Kathy Bates Tells Rob Reiner to His Face She Regrets Him Toning Down the Violence in ‘Misery’
APRIL 28, 2025 5:30 PM
Last weekend thousands of the world’s most passionate and obsessive movie fans descended upon Hollywood for the 16th annual TCM Classic Film Festival, which provided opportunities to see everything from “Gunfight at the OK Corral” and “We’re No Angels” projected in true VistaVision to nitrate prints of “Daisy Kenyon” and “Mildred Pierce” at The Egyptian Theatre, one of only five venues in the country capable of screening that format. There was also a restoration of a silent classic with live accompaniment (“Beau Geste“), a BFI restoration of Ernst Lubitsch’s timeless — and timely — comedy “To Be or Not to Be,” and a a tribute to groundbreaking director Michael Schultz, among many other delightful programs.
It’s hard to pick a favorite event from such a stacked weekend, but for sheer moviegoing pleasure it was tough to beat the 35th anniversary screening of “Misery,” which screened in the legendary TCL Chinese Theatre to a packed crowd.

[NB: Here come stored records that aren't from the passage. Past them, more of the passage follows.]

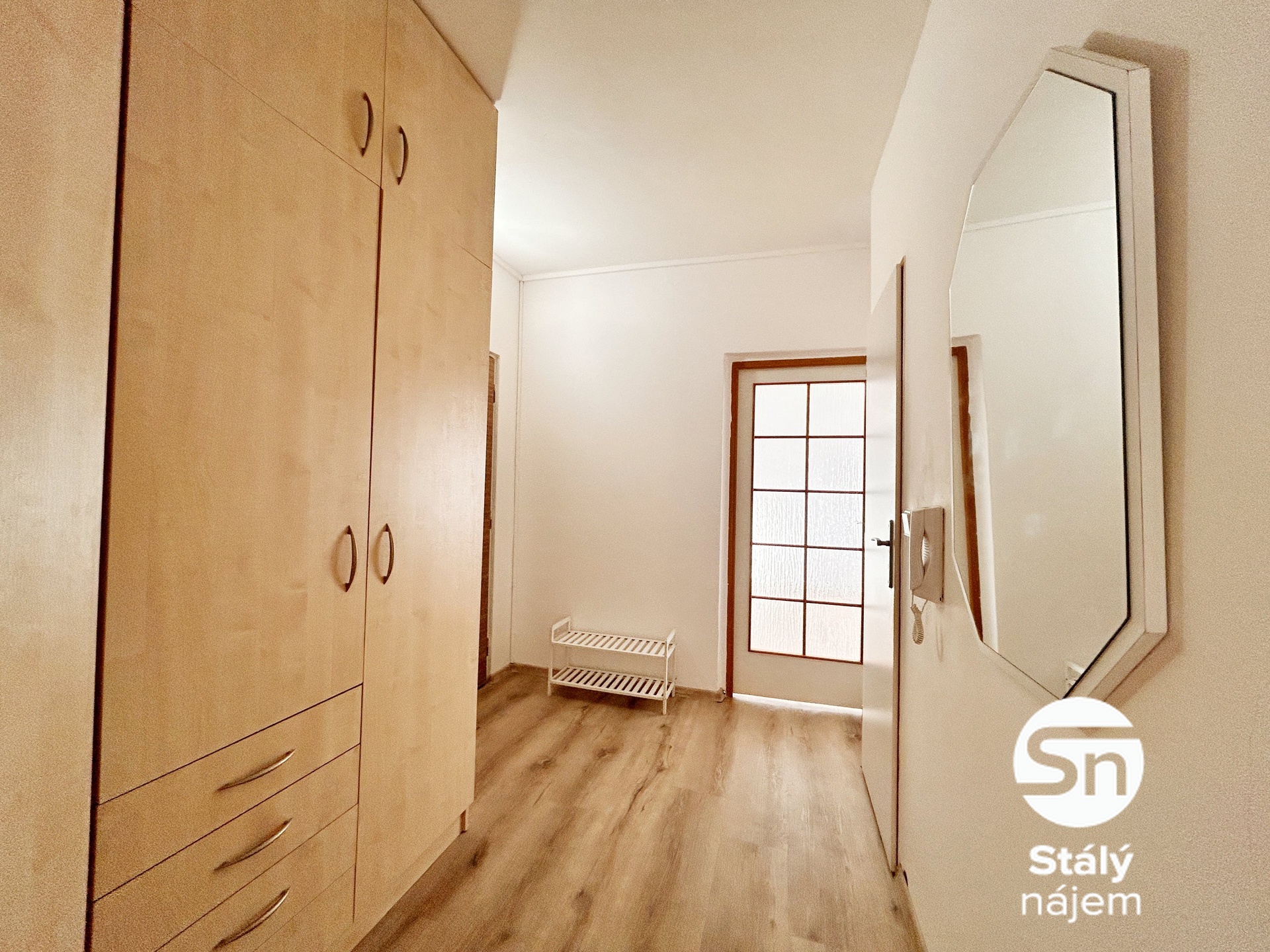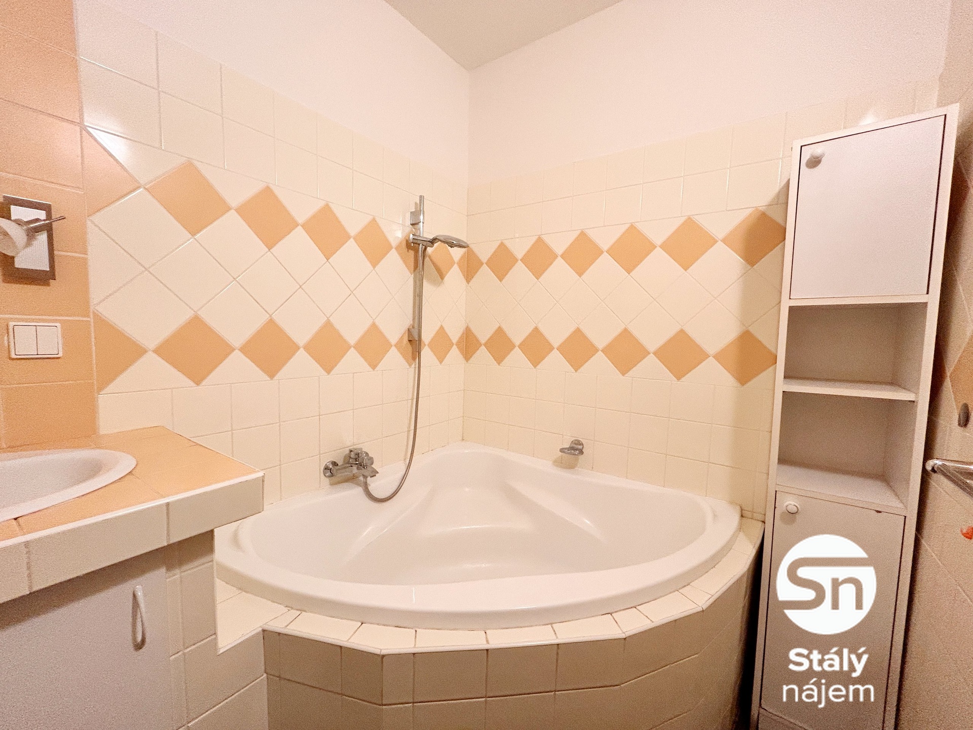Součástí je funkční kuchyňská linka se spotřebiči a po domluvě je možné ponechat i volně stojící skříň. Ostatní nábytek lze jednoduše odstranit dle přání nového podnájemce. Dispozice zahrnuje samostatnou kuchyň, dva neprůchozí pokoje, koupelnu s rohovou vanou a samostatné WC. Velká okna zajišťují dostatek denního světla a z bytu je příjemný výhled na okolní zástavbu a zeleň.
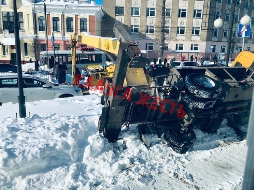 По фотографиям с места событий видно, что автомобиль с подъемником лежит на боку. Предположительно снег, на который выставили опоры автомобиля, не выдержал и провалился, в следствии чего машина и перевернулась.
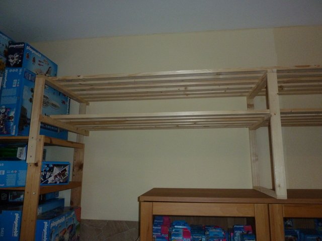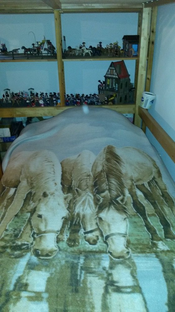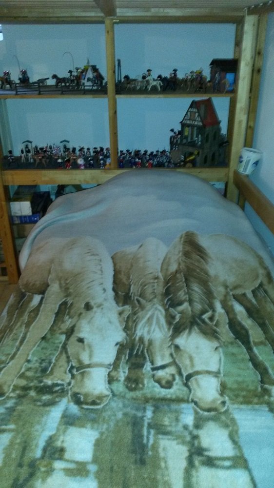 hochbett im Playmozimmer. Nicht wirklich gemütlich. Weil Zimmerhöhe mit 2,30 m einfach zu niedrig. Aber da ist mir mein Cowboy-Bett eingefallen
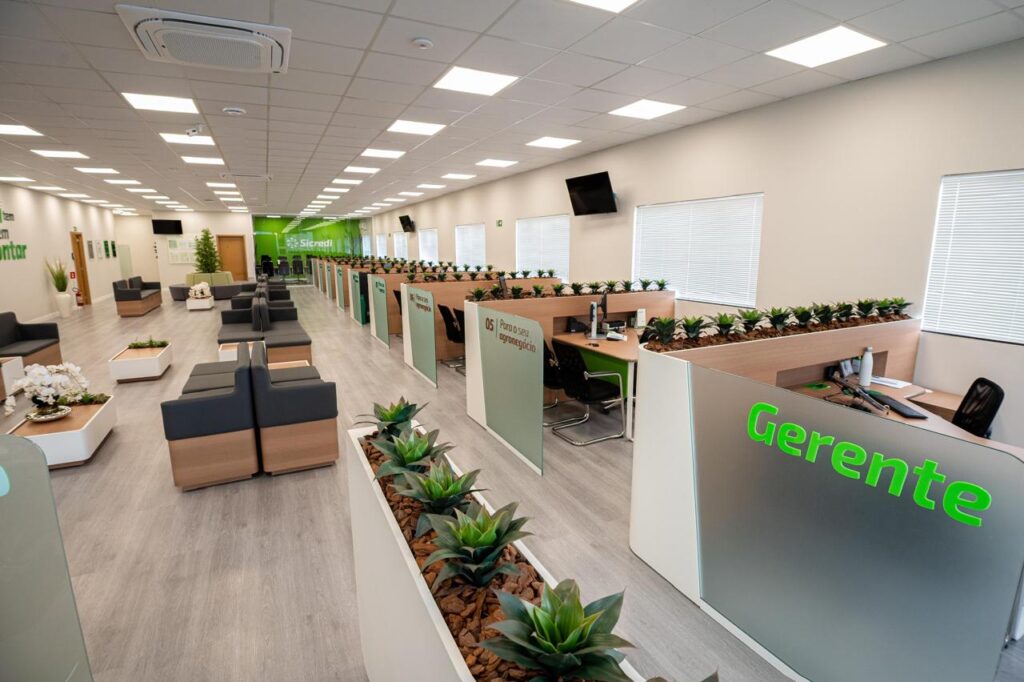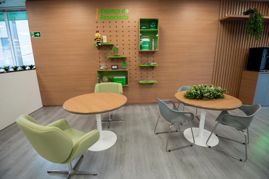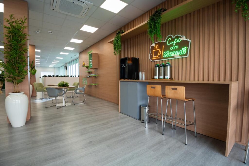 O ambiente tem áreas de relacionamento, tecnologia que agiliza os serviços e uma proposta acolhedora, reforçando o jeito simples e próximo de atender do Sicredi.
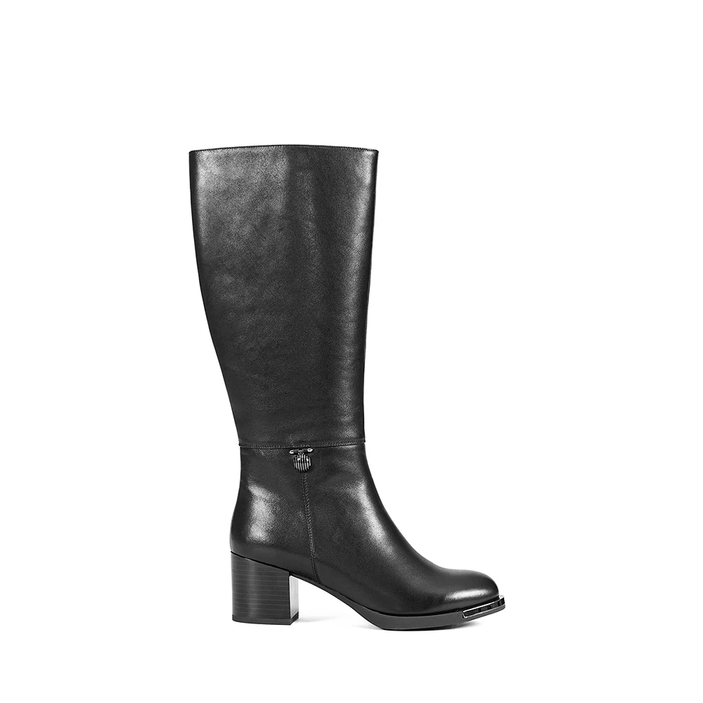Lederen Knie Hoge Laars Retro Ronde Neus Hak Warm Wol Bont Dame Laarzen

The movie itself — a diabolically funny and terrifying two-hander in which obsessive fan Kathy Bates holds writer James Caan hostage after he suffers a debilitating accident — plays better than ever, and after the audience was done laughing and screaming for 107 minutes straight they were treated to an even more special treat than seeing “Misery” on a huge screen: Hearing Bates and director Rob Reiner discuss the movie live with TCM host Dave Karger.

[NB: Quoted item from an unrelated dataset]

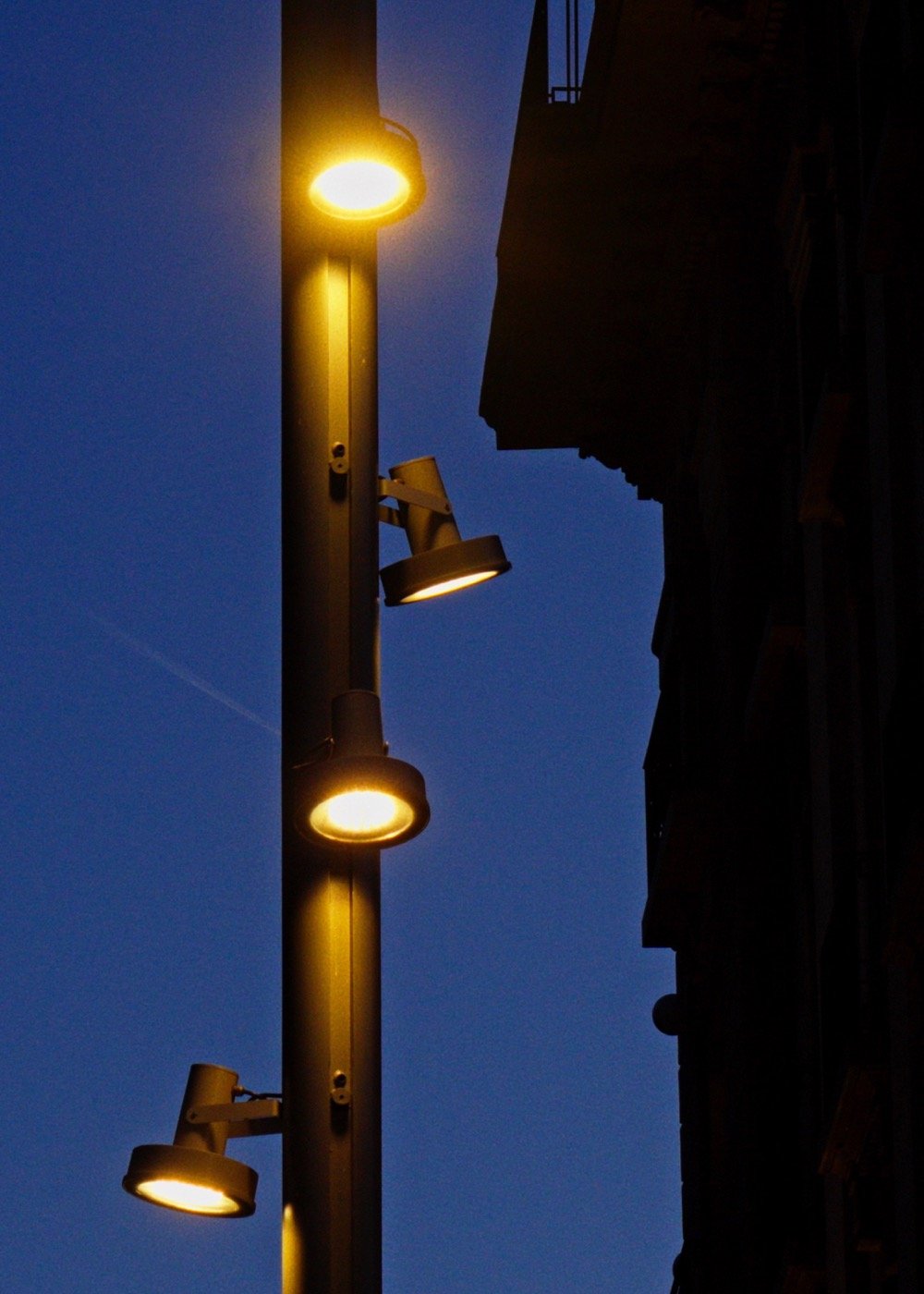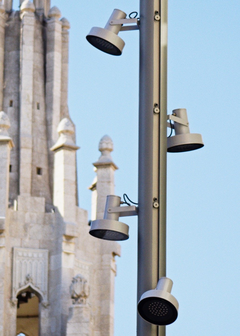 In squares and open spaces, the lighting is complemented by tall columns and adjustable spotlights, allowing the light to be directed where it is needed.

Reiner began the evening by saying how happy he was to see that the movie still played to a crowd. “I was surprised by how many laughs are in there,” he said, adding that he was also surprised to see how well Caan and Bates came across on screen together given their different working methods. “They come at acting in very different ways. Kathy is a brilliant stage actress and Jimmy didn’t want any rehearsal, he just wanted to be instinctive. So we found a way to rehearse more than Jimmy wanted and less than Kathy wanted, but it works.”

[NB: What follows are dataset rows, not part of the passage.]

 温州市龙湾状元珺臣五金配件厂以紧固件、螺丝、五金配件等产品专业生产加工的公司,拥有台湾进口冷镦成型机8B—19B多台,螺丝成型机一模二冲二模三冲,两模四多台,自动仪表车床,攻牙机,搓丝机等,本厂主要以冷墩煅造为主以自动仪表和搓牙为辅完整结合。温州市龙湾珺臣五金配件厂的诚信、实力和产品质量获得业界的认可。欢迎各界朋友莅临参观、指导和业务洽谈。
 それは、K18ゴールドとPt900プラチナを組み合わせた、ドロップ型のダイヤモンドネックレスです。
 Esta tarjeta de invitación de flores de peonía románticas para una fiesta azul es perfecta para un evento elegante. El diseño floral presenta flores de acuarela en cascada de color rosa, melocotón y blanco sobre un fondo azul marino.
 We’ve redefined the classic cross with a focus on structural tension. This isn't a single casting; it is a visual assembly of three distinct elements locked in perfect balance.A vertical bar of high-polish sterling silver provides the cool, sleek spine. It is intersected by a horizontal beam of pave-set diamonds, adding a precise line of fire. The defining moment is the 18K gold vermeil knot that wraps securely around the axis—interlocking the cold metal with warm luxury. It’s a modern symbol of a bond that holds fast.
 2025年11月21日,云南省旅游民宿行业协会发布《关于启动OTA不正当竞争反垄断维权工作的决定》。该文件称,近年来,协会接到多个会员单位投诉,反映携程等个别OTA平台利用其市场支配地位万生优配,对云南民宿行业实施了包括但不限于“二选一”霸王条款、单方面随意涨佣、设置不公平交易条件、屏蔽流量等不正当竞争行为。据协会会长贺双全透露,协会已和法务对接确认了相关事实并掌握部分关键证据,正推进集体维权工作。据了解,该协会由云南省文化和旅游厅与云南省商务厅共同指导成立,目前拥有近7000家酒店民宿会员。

Aside from not getting as much rehearsal as she would have liked, Bates had only great things to say about her experience on “Misery” — though she did admit being disappointed that Reiner toned down the gore in the novel, cutting a scene in which her character ran someone over with a lawnmower and downgrading Caan’s foot amputation to a mere hobbling. “I was crushed that you took that out,” Bates said to Reiner, who defended himself by saying that he felt Caan’s character shouldn’t have to lose something after he had learned something. “I didn’t agree with that at all,” Bates said.